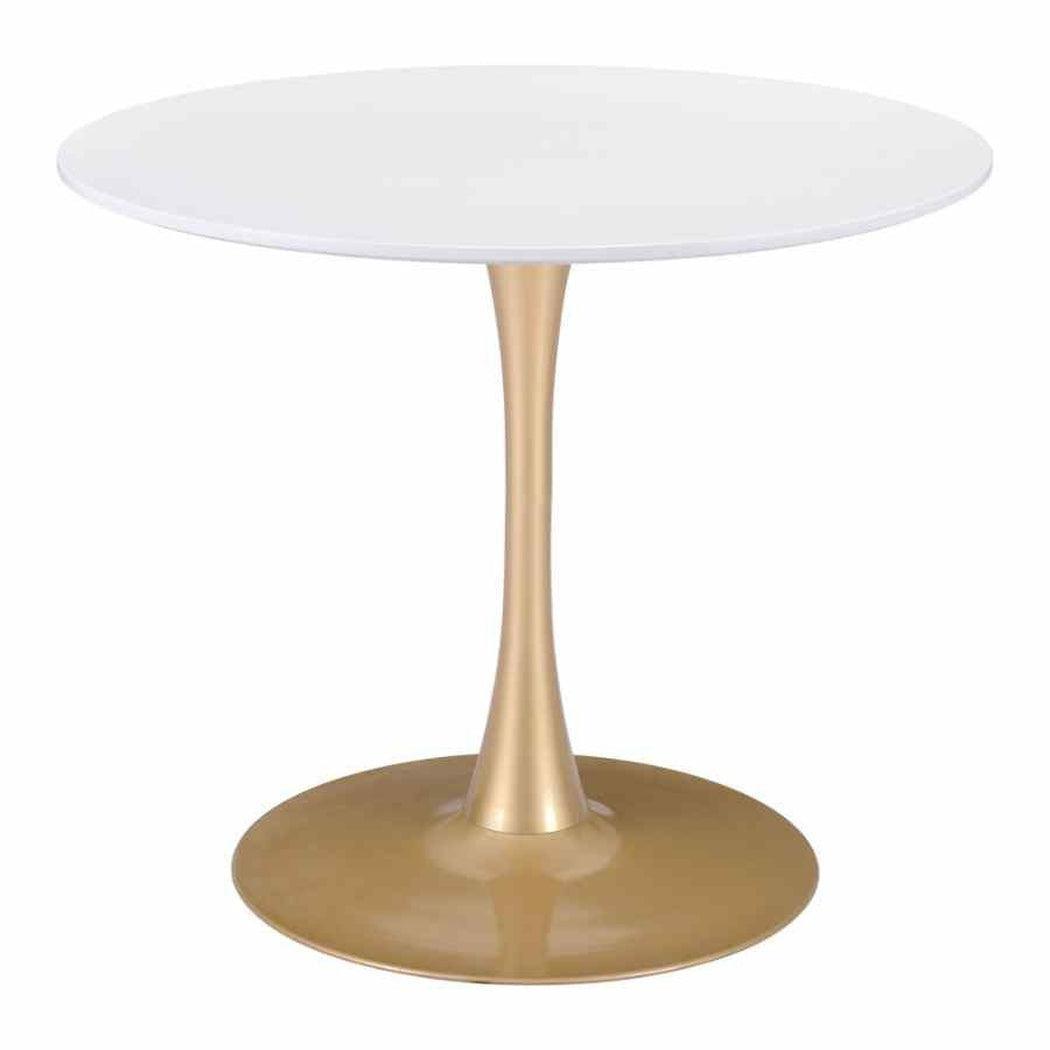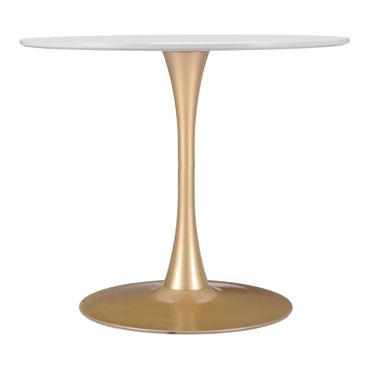 Transform any space into a stylish oasis with the Opus Dining Table White Gold. Its sleek disc design on a pedestal base creates a floating effect, making it a striking centerpiece for kitchens, living rooms, offices, or bars. Crafted from durable steel and MDF with a painted, powder-coated finish, this table supports up to 175 lbs. Assembly is simple with tools provided, so elevate your space with confidence.
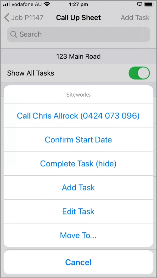 Updated over a year agoThe Call Up Sheet shows all active Tasks and Jobs for the current worksite
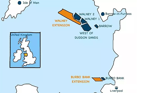 Walney Extension風(fēng)場位于英國Cumbria附近的愛爾蘭海域,離岸20公里,水深20到37米,其中西區(qū)安裝了40臺 MHI VestasV164-8MW 風(fēng)力發(fā)電機(可功率提升到8.25MW),東區(qū)安裝了47臺Siemens Gamesa SWT-154-7.0風(fēng)機(該機型第一次在風(fēng)場安裝使用)。
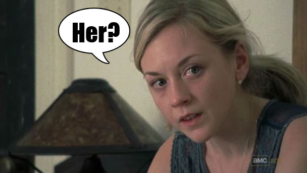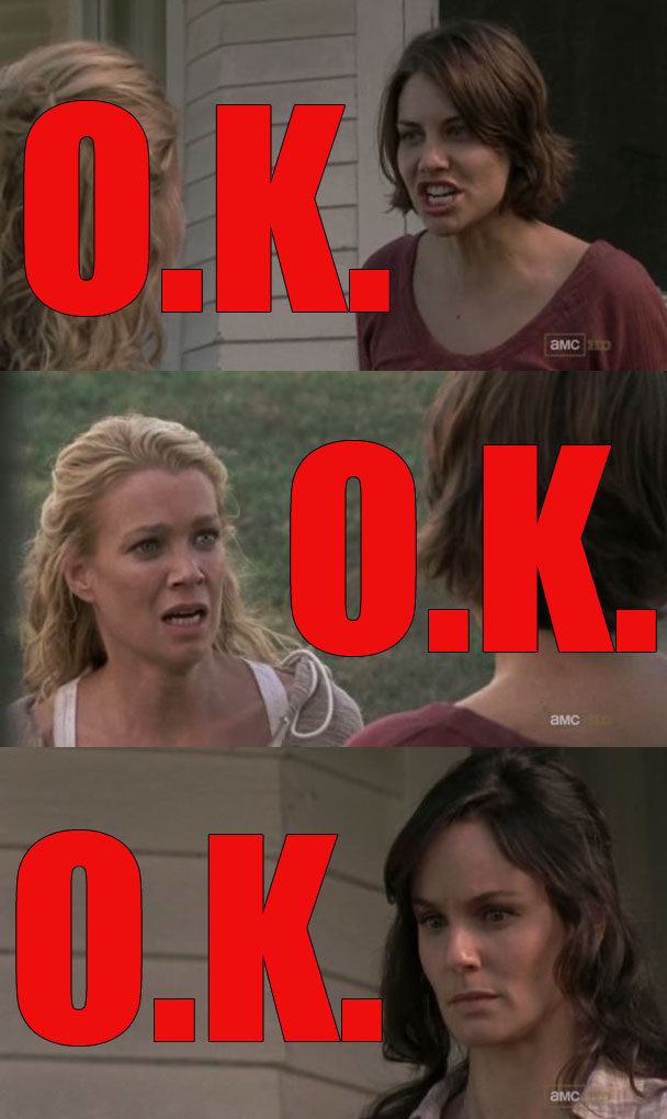 Meanwhile, back at the farm house, hell is other zombies with nausea or whatever. That girl who passed out last week is now having an existential crisis and wants to kill herself. Good. Let her. She is going to do it with a steak knife? Perfect. Lori takes the knife away and gets the girl in trouble with Maggie. Andrea tells Lori that she should let the girl make her own decisions. Lori tells Andrea that she should do laundry. There's actually a very weird scene in which Lori and Andrea have a not-so-coded debate about the continuation of standard gender norms in a post-Apocalyptic nightmare, although not even, because it IS still 2012, right? We don't all think that women should just leave all of the hunting and gathering to men and the women will do the warshin' up? Just Lori. Because Lori DEFINITELY thinks that. "The men don't need your help keeping us safe," Lori says. Eek! Lori! You have always been the worst, but now you're the worst in a new way! Upstairs, the girl explains to Maggie that not only does she plan on killing herself, but she wants Maggie to kill herself too, and for them to kill themselves together. AHAHHAHAHAHA. Do it! Do it, Maggie! Do it! That is the best. How often do you think that works? "Don't kill yourself, please, I love you and don't want you to die." "Oh, not only am I going to do it, but you're coming with me." "In that case, let me change my dress."
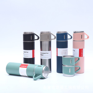 定制直供一杯三盖保温杯套装茶水分离全钢盖泡茶水杯真空直身杯

__________

Return an exact transcription of the material, with its pictures left out.

__Exercise response__
 Transform any space into a stylish oasis with the Opus Dining Table White Gold. Its sleek disc design on a pedestal base creates a floating effect, making it a striking centerpiece for kitchens, living rooms, offices, or bars. Crafted from durable steel and MDF with a painted, powder-coated finish, this table supports up to 175 lbs. Assembly is simple with tools provided, so elevate your space with confidence.
 Updated over a year agoThe Call Up Sheet shows all active Tasks and Jobs for the current worksite
 Walney Extension風(fēng)場位于英國Cumbria附近的愛爾蘭海域,離岸20公里,水深20到37米,其中西區(qū)安裝了40臺 MHI VestasV164-8MW 風(fēng)力發(fā)電機(可功率提升到8.25MW),東區(qū)安裝了47臺Siemens Gamesa SWT-154-7.0風(fēng)機(該機型第一次在風(fēng)場安裝使用)。
 Meanwhile, back at the farm house, hell is other zombies with nausea or whatever. That girl who passed out last week is now having an existential crisis and wants to kill herself. Good. Let her. She is going to do it with a steak knife? Perfect. Lori takes the knife away and gets the girl in trouble with Maggie. Andrea tells Lori that she should let the girl make her own decisions. Lori tells Andrea that she should do laundry. There's actually a very weird scene in which Lori and Andrea have a not-so-coded debate about the continuation of standard gender norms in a post-Apocalyptic nightmare, although not even, because it IS still 2012, right? We don't all think that women should just leave all of the hunting and gathering to men and the women will do the warshin' up? Just Lori. Because Lori DEFINITELY thinks that. "The men don't need your help keeping us safe," Lori says. Eek! Lori! You have always been the worst, but now you're the worst in a new way! Upstairs, the girl explains to Maggie that not only does she plan on killing herself, but she wants Maggie to kill herself too, and for them to kill themselves together. AHAHHAHAHAHA. Do it! Do it, Maggie! Do it! That is the best. How often do you think that works? "Don't kill yourself, please, I love you and don't want you to die." "Oh, not only am I going to do it, but you're coming with me." "In that case, let me change my dress."
 定制直供一杯三盖保温杯套装茶水分离全钢盖泡茶水杯真空直身杯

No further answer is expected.